Ральф подозрительно взглянул на Эдуарда, удивленный его пылом. Ральф всегда считал, что Эдуарда забавляет привязанность девушки к нему, несмотря на то, что она уже стала взрослой барышней. Неужели Эдуард начал воспринимать ее всерьез? Тут подошла Мэри, разгоряченная и недовольная. Врач сказал, что она родит не раньше, чем через месяц, хотя живот Мэри стал настолько большим, что Ральф ожидал рождения близнецов. В их роду иногда рождались близнецы, и такое событие всегда считалось чудом.

– Как ты себя чувствуешь, дорогая? – спросил Ральф, за руку отводя Мэри в тень повозки. – Ты выглядишь не слишком хорошо.

– Со мной все в порядке, – ответила Мэри. Она была так же спокойна, как всегда, но в ее голосе слышалось раздражение и усталость. – Сегодня слишком жарко.

– Разве прогулка не освежила тебя? – беспокойно поинтересовался Ральф.

Мэри взглянула на него и отвернулась. Ей было слишком тяжело ходить, и она чувствовала себя особенно плохо последние несколько дней, так как ребенок в животе уже опустился. Однако она не могла сказать обо всем этом в присутствии других людей, и ее разозлил неуместный вопрос Ральфа.

– Я бы охотнее осталась дома, – только и ответила она. С помощью Ральфа Мэри опустилась на траву и с облегчением прислонилась спиной к колесу повозки.

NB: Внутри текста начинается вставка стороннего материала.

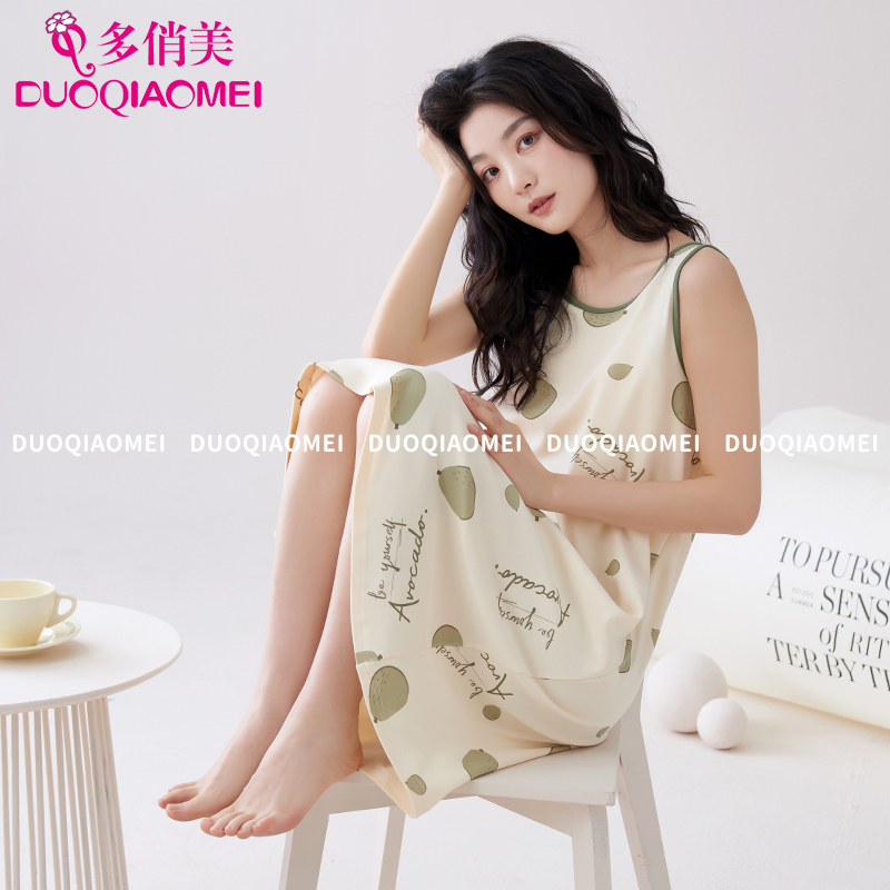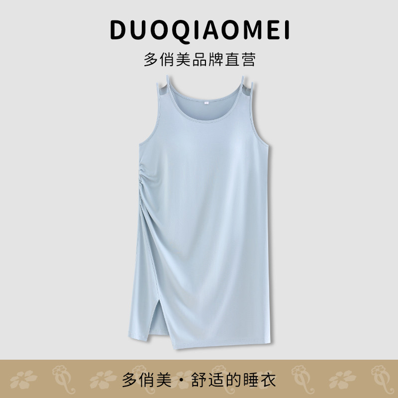 莫代尔无袖睡裙女夏季薄款带胸垫一体连衣裙宽松睡衣裙背心家居服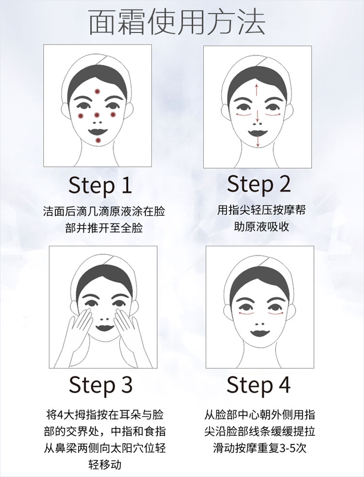 渗入肌肤补充肌肤所需养分,搭配红没药醇及多种植物修护成分,改善脸部肌肤,使肌肤紧致光滑,由内而外呈现润泽饱满状态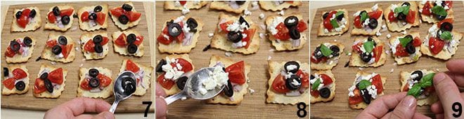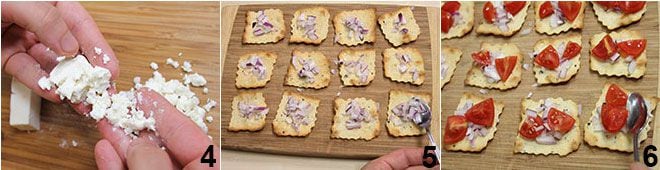 Enfin, émiettez la feta à l'aide de vos doigts 4 et mettez-la de côté. Commencez maintenant à composer les feuilletés : sur une planche à découper, disposez les 12 feuilletés aux olives et assaisonnez-les un par un, en commençant par une cuillère à café d'oignon 5 et un couple de quartiers de tomates cerises 6.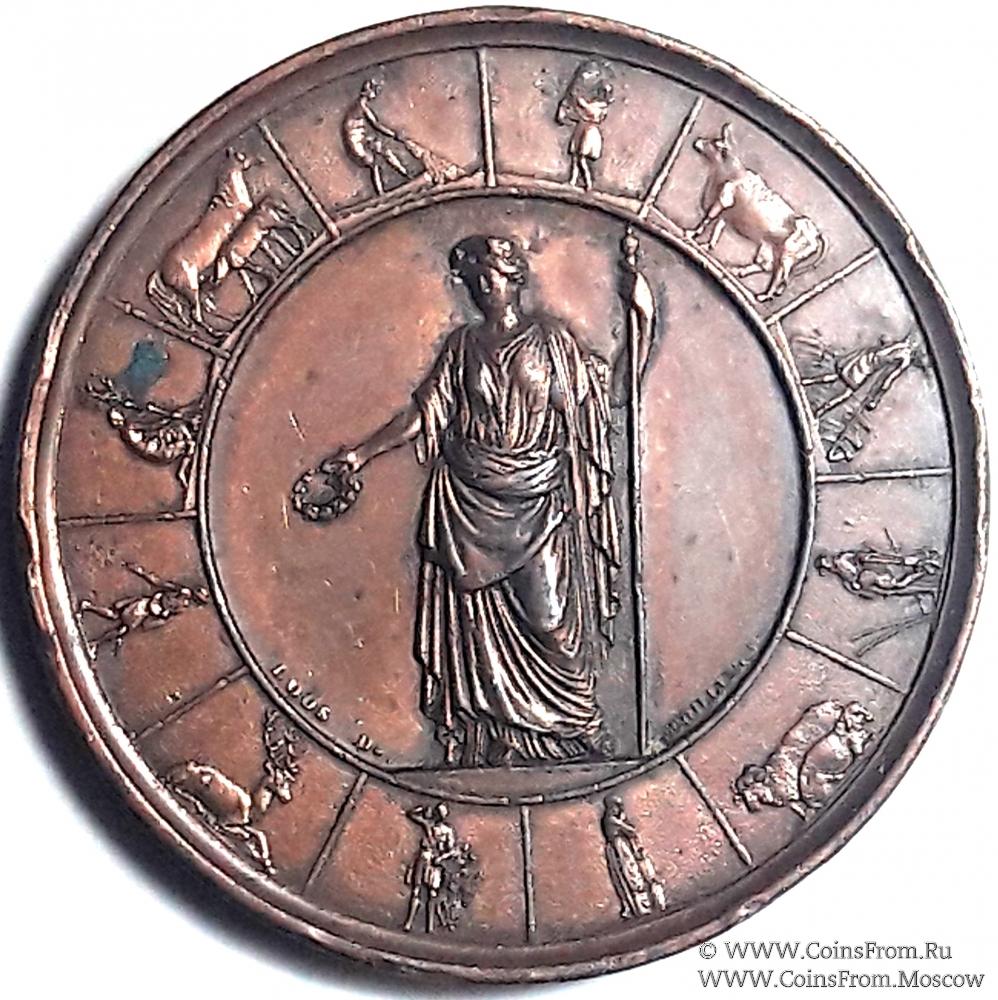 Аверс: По краю широкое кольцо, разделенное на 12 полей. В 12 полях изображены различные сельскохозяйственные угодья.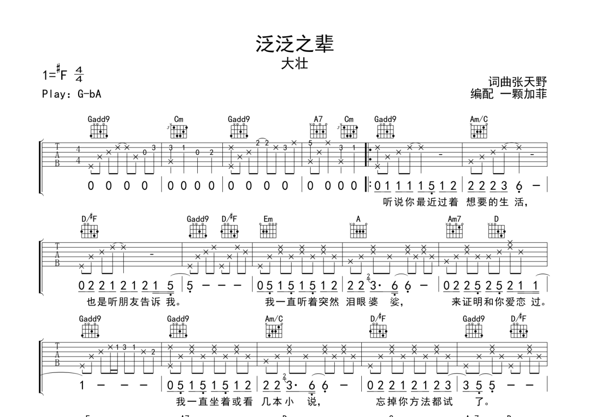 曲谱介绍: 大壮《泛泛之辈》吉他弹唱谱,采用G调指法编配,一颗加菲编配出品,共有2张高清图谱,免翻页排版设计。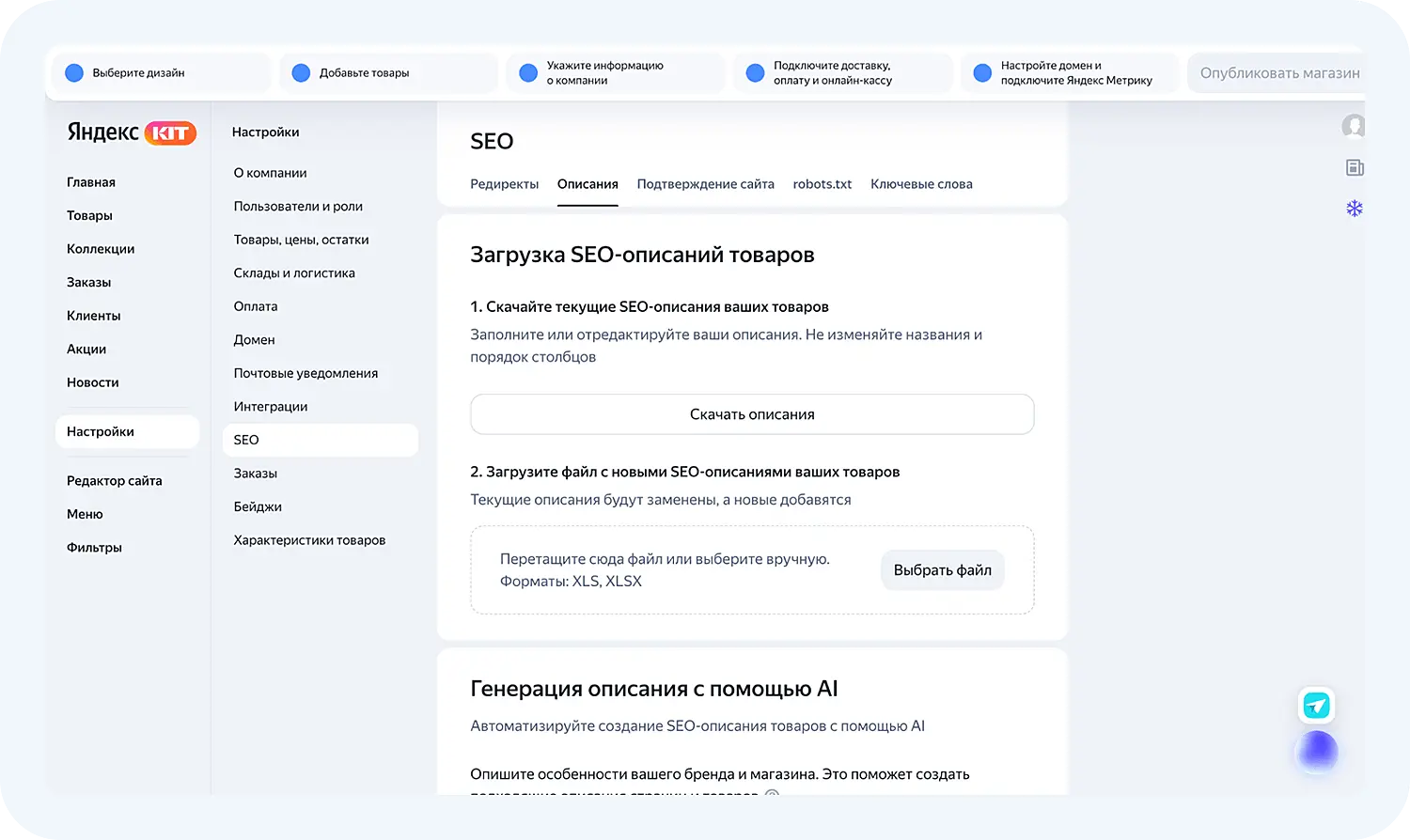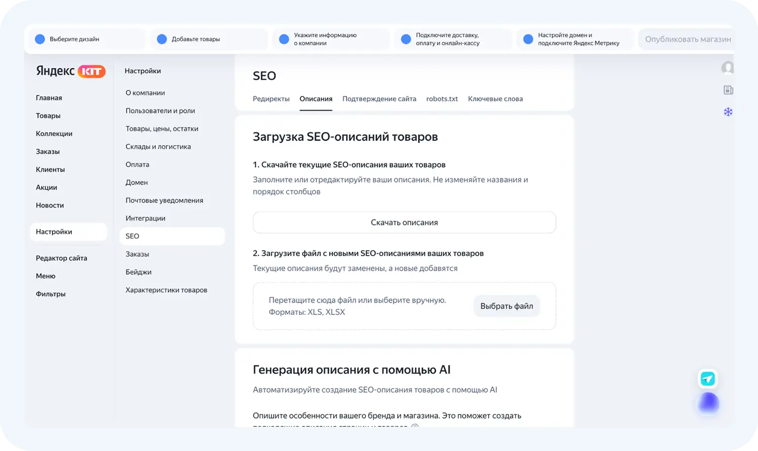 В разделе SEO вы можете подгрузить SEO-описания для товаров или сгенерировать их прямо в сервисе с помощью искусственного интеллекта:

Ральф сел перед ней на колени, заслоняя ее от остальных, и в таком ненадежном уединении спросил:

– Тебя что-нибудь беспокоит, дорогая?

– Спина болит, – призналась Мэри. – Внизу, так, как будто ноет зуб.

– Давно уже?

– Весь день, с самого утра.

– А это не может быть...

– Роды? Нет, боль совсем другая.

– А что говорит Лия?

– Лия уехала в Шоуз, помочь Эллин и Руфь в кладовых, – внезапно участливое внимание Ральфа рассердило Мэри. – Да нет, со мной все хорошо. Оставь меня. Ты ведь не вспоминал меня весь день и прекрасно без этого обходился.

– Но, дорогая, сейчас идет уборка урожая...

– Знаю, знаю – урожай прежде всего. Говорю тебе, оставь меня в покое.

Ральф отвернулся, зная, что беременные женщины часто бывают раздражительными, и стал наблюдать, как обедают остальные. Эдуард устроился рядом с Аннунсиатой, достаточно близко, чтобы нашептывать ей что-то на ухо, остальные мужчины собрались неподалеку. Служанка разложила еду, а потом удалилась на поле к другим косарям.

– Что нам принесли попить? – спросил Эдуард, заглядывая в кувшин. – Опять пахтанье! Я бы охотнее выпил сидра – всегда терпеть не мог пахтанье. Позвольте помочь вам, кузина.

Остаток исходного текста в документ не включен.